Poetas

Poesía de Francia

Poemas de Saint-John Perse

Marie René Auguste Alexis Léger, más conocido bajo el enigmático seudónimo de Saint-John Perse, fue un poeta del exilio y la vastedad, un arquitecto del verbo que supo alzar su palabra por encima de fronteras y océanos. Nació el 31 de mayo de 1887 en la caribeña Guadalupe, tierra de luz y tormenta que impregnó su imaginario con la cadencia del viento y la inmensidad del mar. Pero si la isla le brindó su primer aliento poético, fue en Francia donde su destino se forjó entre leyes y versos.
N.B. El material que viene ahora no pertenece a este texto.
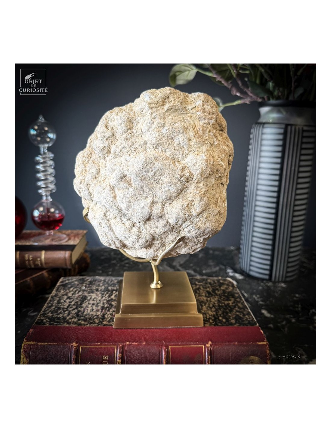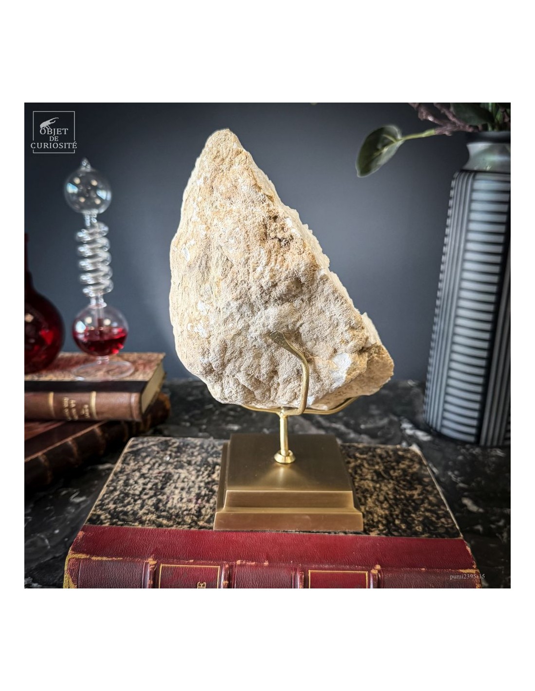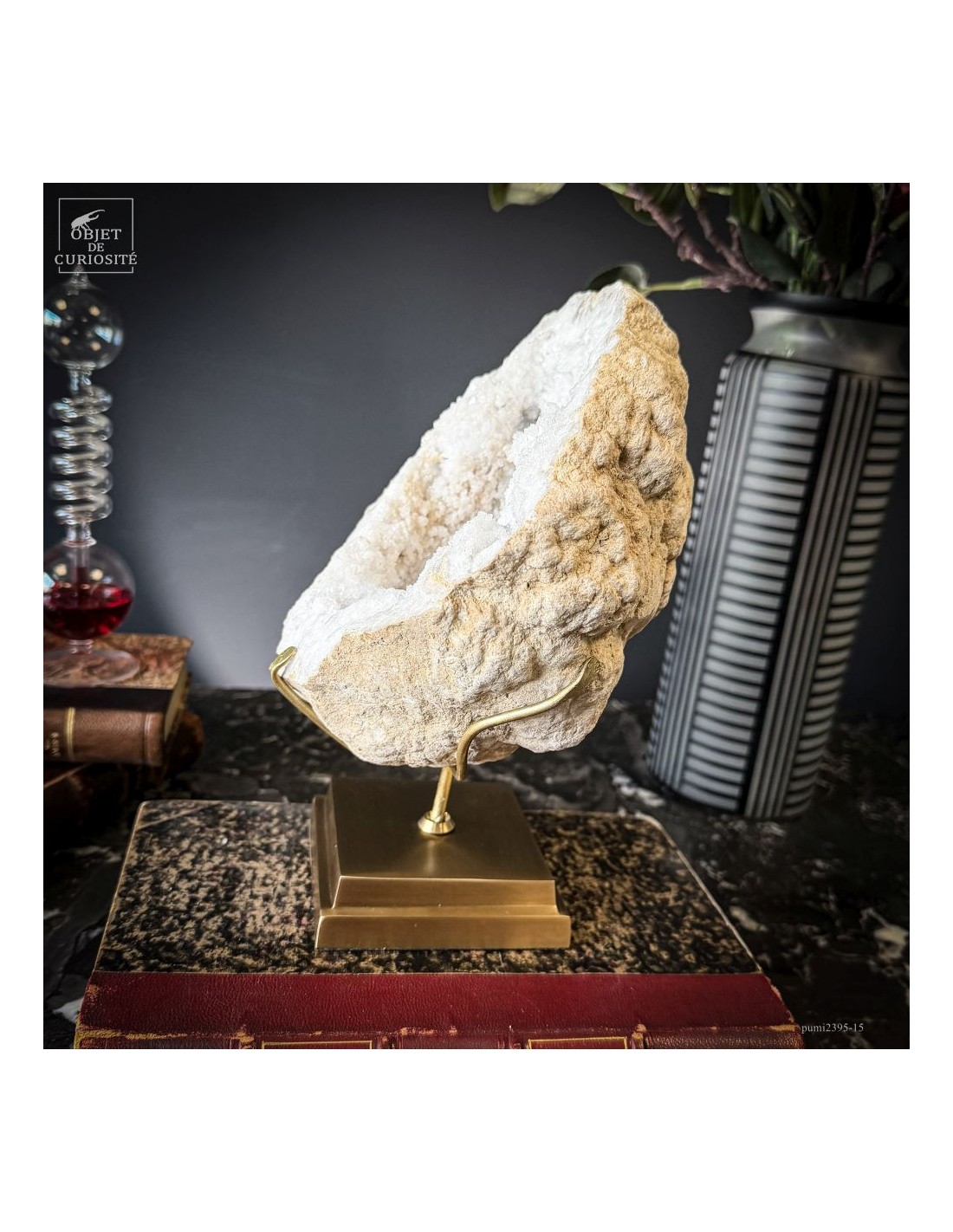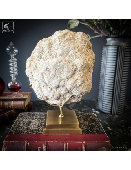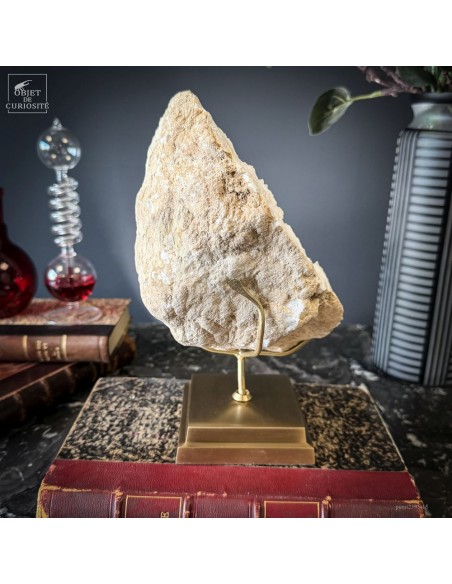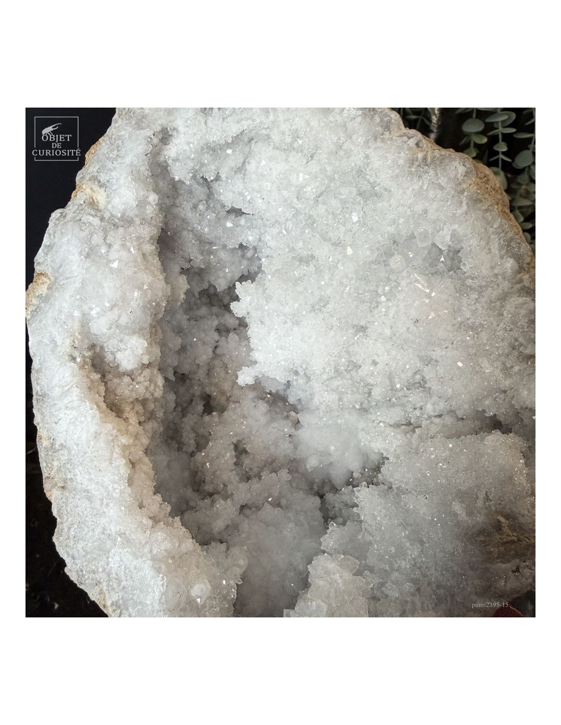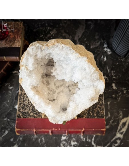Ce minéral est une géode de Quartz blanc de l'extrême sud Marocain - près de Laâyoune - et qui a l'air d'une simple boule de pierre naturelle. L'intérieur est une vraie cavité de cristaux naturels. Comme celle-ci est profonde, on dirait presque de la neige. Un contraste saisissant avec l'extérieur très simple de ce minéral.

El joven Léger fue arrancado de su Edén natal en 1899, cuando su familia, en plena convulsión política, emigró a Pau. Este desarraigo temprano marcó su obra con una nostalgia luminosa, la de quien ha visto la plenitud y la añora sin remedio. Entre sus estudios en Burdeos y su paso por los círculos literarios, conoció a figuras como Paul Claudel, Valery Larbaud y André Gide, quienes reconocieron en él a un creador de imágenes fulgurantes. Con apenas veinticuatro años, publicó Éloges (1911), un poemario inaugural que revelaba su asombrosa capacidad para la exaltación sensorial.

Más allá de las letras, el destino lo llevó a las filas de la diplomacia francesa. Desde 1914 hasta 1940, su vida se entrelazó con la geopolítica, recorriendo España, Alemania, Reino Unido y, sobre todo, China, donde sirvió como secretario de la embajada en Pekín. En el lejano Oriente, la presencia de Madame Dan Pao Tchao adornó los rumores sobre su vida privada, pero fue su encuentro con Paul Valéry lo que selló su destino literario: en 1924 vio la luz Anábasis, su poema épico y errante, donde la imagen del viajero resuena con una potencia indomable.

Desde su puesto como secretario general del Ministerio de Asuntos Exteriores, fue testigo y protagonista de las tensiones previas a la Segunda Guerra Mundial. Enemigo declarado del nazismo, fue destituido en 1940 y privado de la nacionalidad francesa por el régimen de Vichy. Expulsado de su país, encontró refugio en Washington D. C., donde el exilio se convirtió en su patria definitiva. Fue en tierras americanas donde su voz se elevó con una renovada intensidad: Exilio (1942), Lluvias (1943), Nieves (1944), Vientos (1946), cada poema un eco de su errancia, cada verso una cartografía del espíritu.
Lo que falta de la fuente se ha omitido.